Can I use Video from Images + Audio with formats other than the defaults?

Video from Images + Audio accepts MP4, WebM, MOV, MKV, AVI, FLV, and OGV. If your input is in a format that is not directly supported, convert it first using one of Favtoo's converter tools — every Favtoo converter outputs a file that is a clean input to the next tool in the chain.

Can I use Video from Images + Audio for commercial work?

Video from Images + Audio can be used for personal and commercial work alike — there is no separate "business" licence to purchase. The output you generate is yours to use however you want, including in client deliverables, internal documents, or commercial products. Favtoo's only ask is fair, individual use; the tool is not designed to be embedded as a backend service or wrapped behind an API for resale.

Will Video from Images + Audio keep working if my Wi-Fi drops mid-task?

Once the page is loaded, Video from Images + Audio can complete jobs without an active internet connection — the engine is bundled with the page, so there is no per-job network call. The initial page load does require a connection (to fetch the static assets), but after that you can disconnect entirely and the tool will still work. This is a side-effect of the local-first architecture, not a deliberate "offline mode" feature.

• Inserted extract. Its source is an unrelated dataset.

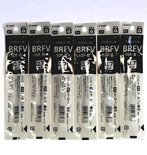 Pilot Acroball Ballpoint Pen Black Ink Refills, 0.7mm, BRFV-10F-B, Set of 6 (Japan import) [Komainu-Dou Original Package]

Do I need a specific browser to use Video from Images + Audio?

Video from Images + Audio works in any modern browser released in the last few years — Chrome, Edge, Firefox, Safari, Brave, Arc and the major Chromium derivatives are all supported. The underlying engine relies on widely-supported web APIs, so there is nothing exotic to install. If you are on a very old browser version and the tool fails to load, updating to the latest release of your preferred browser is the only fix needed.

Does Video from Images + Audio require a browser extension or plug-in?

No installation is needed. Video from Images + Audio runs as a normal web page, with no browser extension, no native helper, and no separate desktop client to download. That is partly a privacy choice — extensions can request broad permissions, while a regular page is sandboxed by default — and partly a convenience one: you can use Video from Images + Audio on any computer you have temporary access to without leaving anything installed on it.